In the 1920s, doctors who believed labour-saving devices in the home were creating a ‘vacuum’ in housewives’ lives set up an innovative health scheme. By providing mothers with a focus and social space, the Peckham Experiment aimed to promote child health.
The Peckham Experiment (1926–50) is usually remembered as a pioneering scheme for the promotion of health at a grassroots level. But as I explored its archive at Wellcome Collection, I was surprised to find that the project was also about tackling the feared negative effects of domestic mechanisation – labour-saving devices like washing machines and vacuums – on local housewives.
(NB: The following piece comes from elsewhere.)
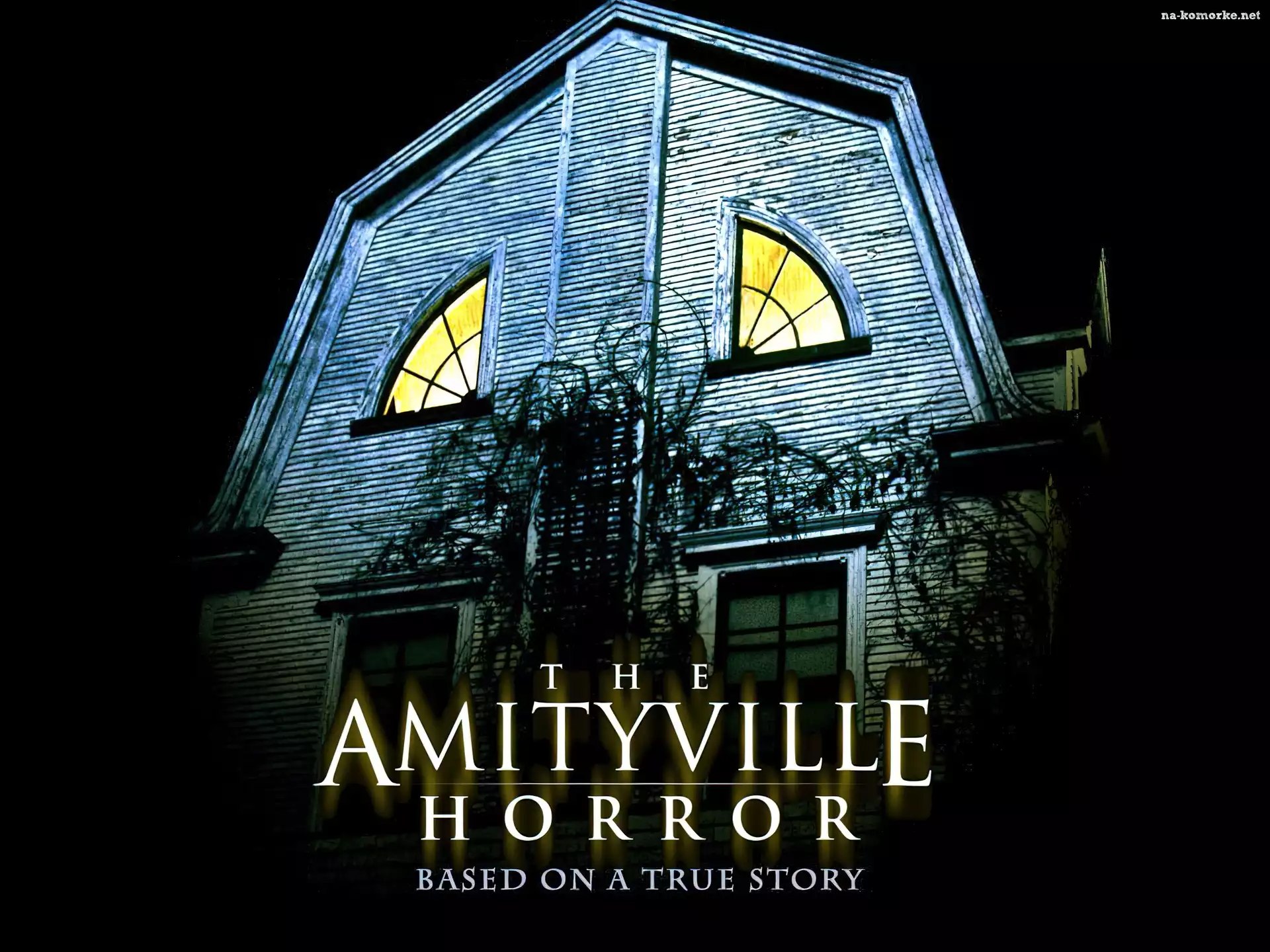 The Amityville Horror, napis, dom, noc na Komórkę

Dr Innes Hope Pearse and Dr George Scott Williamson developed the idea for the Peckham Experiment when Britain did not yet have the NHS. Frustrated with the available medical provision, the doctors resolved to offer an alternative through the pursuit of “positive health”.
The holistic approach
Perhaps the most radical aspect of the experiment was that it proposed to approach health holistically, treating it as a combination of physical, mental, social and environmental factors.
Pearse and Williamson chose Peckham, a mixed-income neighbourhood in south London, as the location for the trial. Believing that architecture had a key role to play in the establishment of positive health, in 1935 they commissioned Sir Owen Williams with the design of a striking modernist complex, whose facilities included a monumental swimming pool, a dance floor, a crèche, a theatre, a gymnasium, a running track and medical consulting rooms. Officially christened the Pioneer Health Centre, it would come to be referred to by users as, simply and affectionately, “the centre”.
Only families living within “pram-pushing distance” were eligible to join the centre (for a nominal membership fee of one shilling per week). It was of crucial importance that nuclear families were recruited, rather than individuals, as the doctors maintained that health was inseparable from the context of familial relations.
At its most popular, the centre was used daily by, on average, more than 770 people. Most of them were housewives and children, with men usually turning up after work.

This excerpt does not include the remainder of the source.